2021-08-11 16:46:40 -0400 [info]: #0 fluentd worker is now running worker=0
- paste result of
fluent-gem list
,td-agent-gem list
or your Gemfile.lock
$ fluent-gem list
*** LOCAL GEMS ***
aws-eventstream (1.1.0)
aws-partitions (1.396.0)
aws-sdk-cloudwatchlogs (1.38.0)
aws-sdk-core (3.109.3)
aws-sigv4 (1.2.2)
bigdecimal (default: 1.3.4)
cmath (default: 1.0.0)
concurrent-ruby (1.1.9)
cool.io (1.7.1)
csv (default: 1.0.0)
date (default: 1.0.0)
did_you_mean (1.2.0)
dig_rb (1.0.1)
etc (default: 1.0.0)
fcntl (default: 1.0.0)
fiddle (default: 1.0.0)
fileutils (default: 1.0.2)
fluent-plugin-cloudwatch-logs (0.7.6)
fluentd (1.7.4)
http_parser.rb (0.6.0)
io-console (default: 0.4.6)
ipaddr (default: 1.2.0)
jmespath (1.4.0)
json (default: 2.1.0)
minitest (5.10.3)
msgpack (1.4.2)
net-telnet (0.1.1)
openssl (default: 2.1.2)
power_assert (1.1.1)
psych (default: 3.0.2)
rake (12.3.0)
rdoc (default: 6.0.1)
scanf (default: 1.0.0)
sdbm (default: 1.0.0)
serverengine (2.2.4)
sigdump (0.2.4)
stringio (default: 0.0.1)
strptime (0.2.5)
strscan (default: 1.0.0)
test-unit (3.2.7)
tzinfo (2.0.4)
tzinfo-data (1.2021.1)
webrick (default: 1.4.2)
xmlrpc (0.3.0)
yajl-ruby (1.4.1)
zlib (default: 1.0.0)
$
On a second thought, I'm not sure this is an AWS SDK issue necessarily.
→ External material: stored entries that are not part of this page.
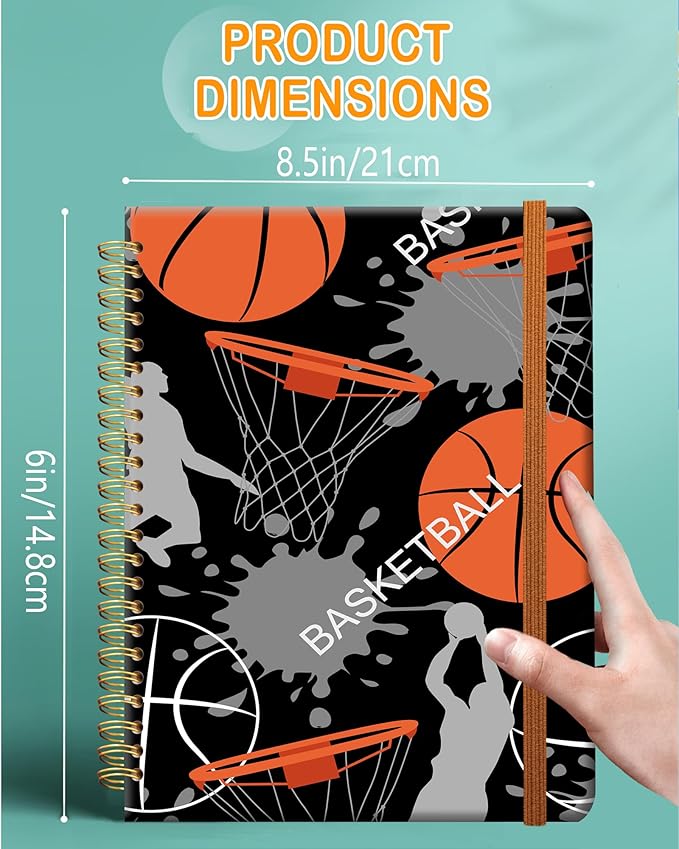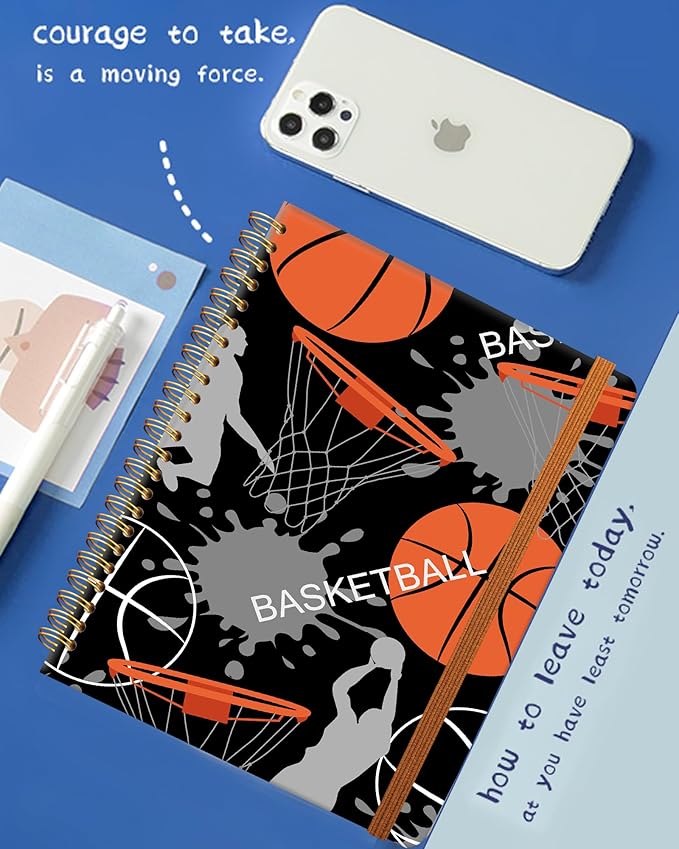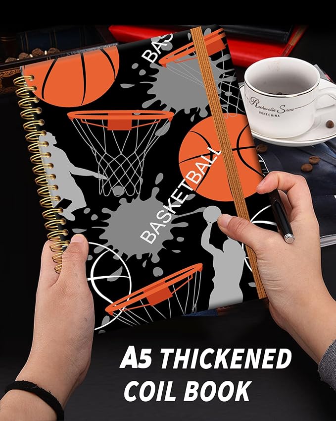 Ruled Spiral Writing Notebook,A5 Hardcover Lined College Journal for Women,Strong Twin-Wire Binding with Premium Paper,8.4" X 6",Perfect for School,Office,Home(Basketball)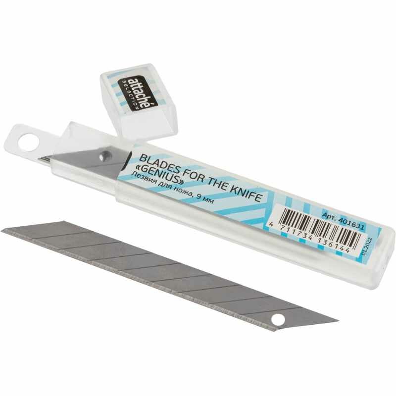 Лезвия сменные для канцелярских ножей Attache Selection Genius, 9 мм, сегментированные, 10 штук в упаковке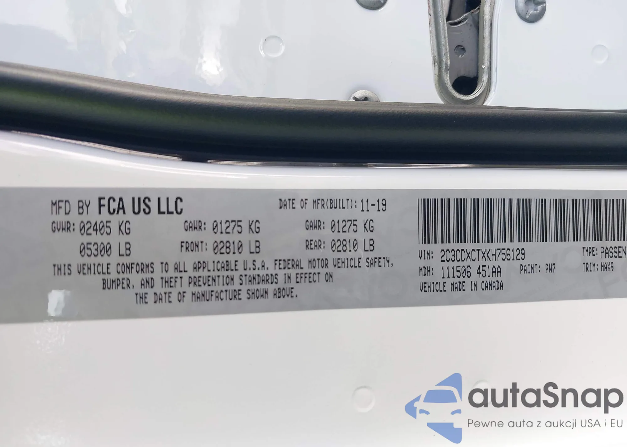 • VIN 2C3CDXCTXKH756129
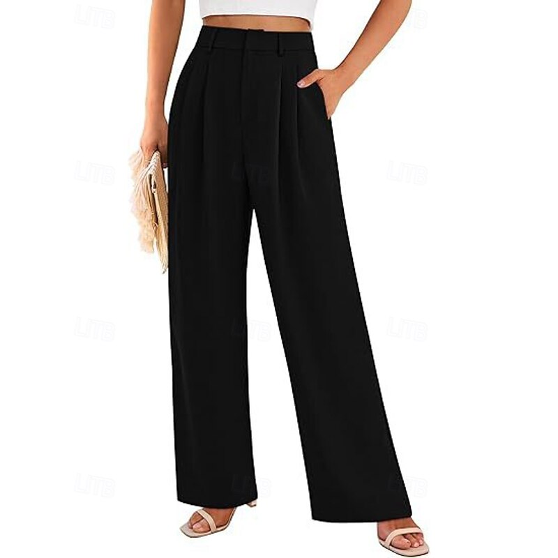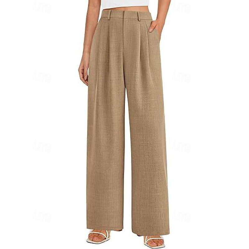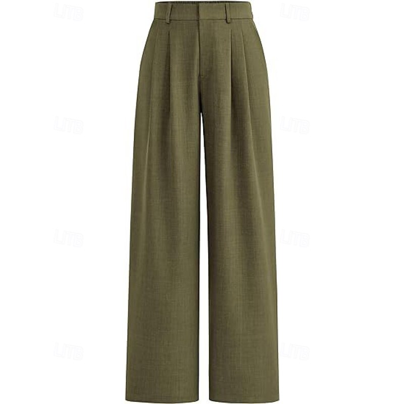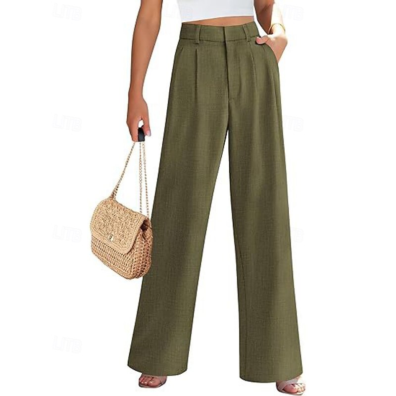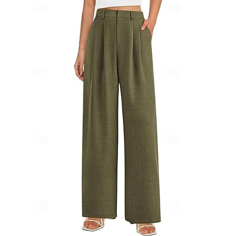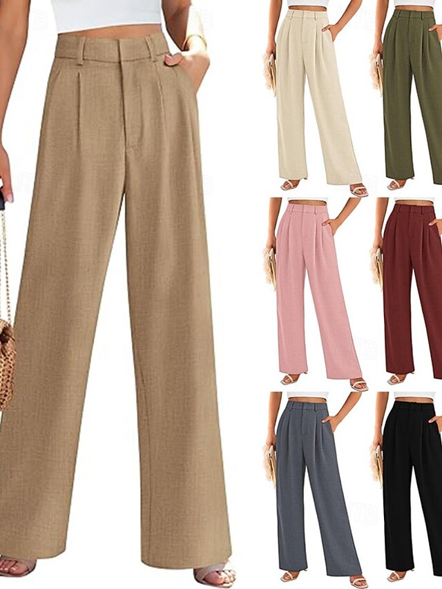 More information about Women's Wide Leg Slacks Streetwear Casual Full Length Natural Plain Pocket Elastic Waist Comfortable Holiday Daily Wear Weekend Grey Black Army Green Khaki Fall Regular Fit

Consider this test snippet, which is supposed to fail a create_log_group() call at different log levels:
require 'aws-sdk-cloudwatchlogs'
require 'time'
require 'logger'
logger = Logger.new(STDOUT)
logger.level = 'UNKNOWN'
cwl_client = Aws::CloudWatchLogs::Client.new(
region: 'us-east-2',
access_key_id: <...>,
secret_access_key: <...>,
logger: logger
)
resp = cwl_client.delete_log_group(
log_group_name: 'foo'
)
resp = cwl_client.create_log_group(
log_group_name: 'foo'
)
if !resp.successful?
puts 'create_log_group failed' + resp
exit(1)
end
['DEBUG', 'INFO', 'WARN', 'ERROR', 'FATAL', 'UNKNOWN'].each do |level|
begin
puts "logger.level: " + level
logger.level = level
resp = cwl_client.create_log_group(
log_group_name: 'foo'
)
rescue
end
end
The output this produces is
$ ruby ./test.rb
logger.level: DEBUG
D, [2021-08-11T23:21:09.354722 #28770] DEBUG -- : [Aws::CloudWatchLogs::Client 400 0.054844 0 retries] create_log_group(log_group_name:"foo") Aws::CloudWatchLogs::Errors::ResourceAlreadyExistsException The specified log group already exists
logger.level: INFO
logger.level: WARN
logger.level: ERROR
logger.level: FATAL
logger.level: UNKNOWN
$
that is, AWS API calls are only logged at DEBUG level.